Where to get cute fabric for cheap?

It seems like I can't get enough of Seattle goodwill. J is still sick. She has a smoker's cough, a very very raw nose and even though her fever is gone we feel like being at home where she gets 2 naps a day is better for her healing. Good thing it's a short and slow week for me.

I went in to work to grab a couple of things and for a meeting I was not going to miss at 8:00am. Well I knew that I was going to be at home today with a waddler and I've got Christmas presents on the brain and decided to stop by goodwill to see what their fabric selection was. For the most part their raw fabric options were bad---but their pillowcase and sheet options rocked! You don't need that much fabric for what I am hoping to make...

So even though I had to wait for her to take her second nap, she finally did and I'm delighted to show you the fabrics I found!

Now on another note, I have a question about Goodwill stores...and the like...are they made for people like me (middle class types) to shop in or when I shop their am I eliminating options for poorer people. I could technically afford to go to a fabric store and buy some fabrics, but I want a good deal as much as the next guy. I also want my less fortunate brothers and sisters to have options just like I do.

On the other hand, Goodwill stores (and the like) need income from shoppers in order to provide the training to their employees. If everyone who shopped their were low income rather than scavengers (like me:)) would they still be able to run with their business model.

Donations...I don't have any hesitations about that. Except, I do think it is unethical to use them as your trashcan or your junk removal rather than sending along actual donate-able items. It sure is tempting though!


  1. I get fabric at goodwill! Along with vases, picture frames, furniture, and baby clothes. And I don't think it's only meant for less fortunate people. Goodwill finds jobs for unemployed people, and, like you said, if only poor people shopped there I doubt they'd still be in business. Also, whenever I go there I ALWAYS see nice cars, BMWs, Audis, and Mecedes. It's not like they're checking pay stubs at the door.

  2. I think shopping at Goodwill is 100% ethical - the stores are designed as revenue sources for Goodwill's job training programs, etc. They're for people who don't want to throw away perfectly usable things and for people who don't want to pay full price when there are perfectly usable used things available!

  3. Goodwill is a fantastic organization, and I don't think you should feel guilty about bargain hunting there. Everything sold helps, as does every donation. When we're shifting seasons and clothing, we always give to Goodwill, with the mind that the things we don't want or need will be of better use to another. (I like to pretend that everyone else who gives to Goodwill is thinking the same thing, and thank them for passing on things that I can use.)

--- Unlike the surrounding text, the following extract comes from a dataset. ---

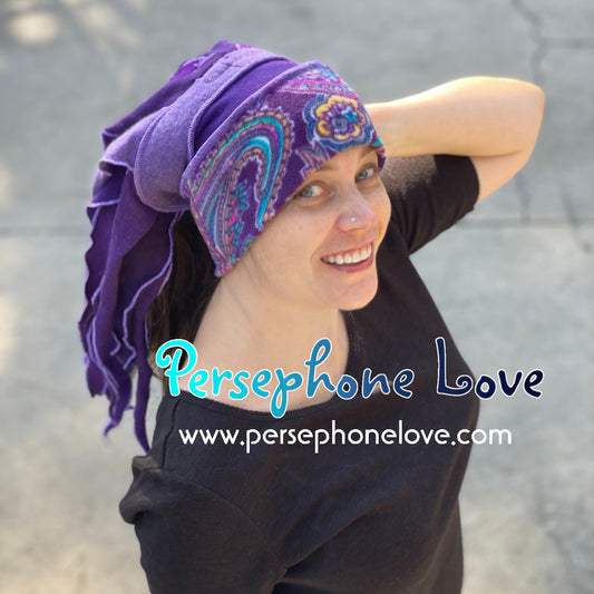 Katwise inspired purple paisley felted 100% cashmere/fleece recycled sweater dreadlock hat-1458

  4. I think anyway, that I agree with your second aspect, that shopping at Goodwill as a middle-class (or even upper-class) person is ethical. Goodwill provide a valuable service in the community by providing training and jobs to those with developmental and other disabilities. And while the need of a private organization to provide those services is definitely a whole 'nother issue for debate, the service they are providing is both needed and worthy. I know both people who have received the services of Goodwill, and who have worked for Goodwill (as caregivers, trainers, educators etc. for those with disabilities) and have heard positive things from those on the "inside."